Однако несомненно, что вырубка делит тропические леса на части и разрушает места обитания видов животных, имеющих высокую природоохранную ценность. Крупным кошкам, таким как ягуары, пумы, оцелоты, и другим млекопитающим для того, чтобы выживать и размножаться, необходима непрерывная, нефрагментированная среда обитания. Многие тропические виды, в том числе обитающие в Амазонии, зависят от «первичных» старовозрастных лесов. В то время как млекопитающие могут вновь заселять вторичные леса, часто проходят десятилетия или даже столетия, прежде чем сами леса возвращаются к своему первоначальному изобилию[145].
Тропические леса в бассейне Амазонки и других частях мира можно спасти только в том случае, если принять и уважать необходимость экономического развития региона. Противодействуя многим формам экономического развития в Амазонии, особенно наиболее продуктивным, экологические НПО, европейские правительства и благотворительные организации ухудшили ситуацию.
В 2016 году бразильская модель Жизель Бюндхен пролетела над тропическими лесами Амазонии с главой «Гринпис» Бразилии во время съемки телесериала National Geographic под названием «Годы опасной жизни». Сначала они летят над бесконечным зеленым лесом:
– Кажется, эта красота будет длиться вечно, – произносит голос Бюндхен за кадром, – но вот [Пауло из «Гринписа»] Адарио говорит, что мне пора подготовиться.
То, что она видит далее, приводит ее в ужас. Внизу – фрагменты леса рядом со скотоводческими ранчо.
– Все эти огромные вырезанные из ландшафта геометрические фигуры – все это из-за скота? – спрашивает она.
– Все начинается с небольших дорог, которые используются для заготовки леса, – объясняет Адарио. – Дорога остается, а потом приходит скотовод и вырубает оставшиеся деревья.
– При этом крупный рогатый скот даже не типичен для Амазонии! – восклицает Бюндхен. – Его здесь вообще не должно быть!
– Это верно, – подтверждает Адарио. – Представьте себе: этот прекрасный лес уничтожают, чтобы разводить крупный рогатый скот.

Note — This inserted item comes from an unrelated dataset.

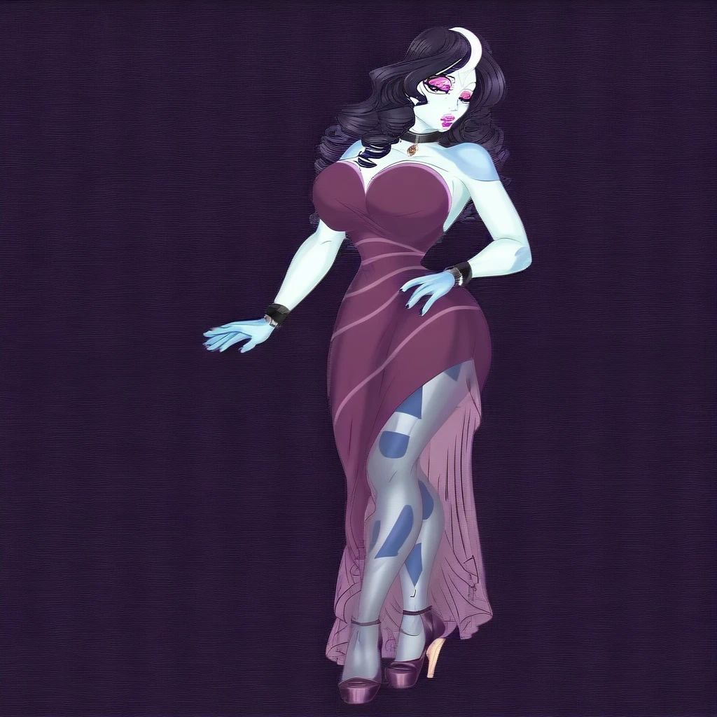 1girl, Letícia, black hair, pink lips, pink eyes, light blue skin, blue marks on body, make-up, purple dress, transparent pantyhose, purple heels, standing, black bracelet, Black necklace, clevage,

Вот вы едите гамбургер и даже не осознаете, что он стал следствием разрушения тропических лесов.
Бюндхен плачет.
– Это шокирует, не так ли? – спрашивает Адарио[146].
Но действительно ли это настолько шокирующе? В конце концов, сельскохозяйственная экспансия в Бразилии происходит почти по той же схеме, как происходила в Европе сотни лет назад. В период с 500 до 1350 год леса, покрывавшие 80 % территории Западной и Центральной Европы, сократились наполовину. Историки подсчитали, что площадь насаждений во Франции с 800 до 1300 год уменьшилась с 30 млн гектаров до 13 млн В Германии в 900 году леса покрывали 70 % территории, а в 1900-м – всего 25 %[147]. И несмотря на это развитые страны, особенно европейские, которые разбогатели на вырубке лесов и ископаемых видах топлива, стремятся помешать Бразилии и другим тропическим странам, включая Конго, развиваться тем же путем. При этом немцы производят больше выбросов углекислого газа на душу населения, в том числе за счет сжигания биомассы, чем бразильцы, даже с учетом вырубки тропических лесов в Амазонии[148].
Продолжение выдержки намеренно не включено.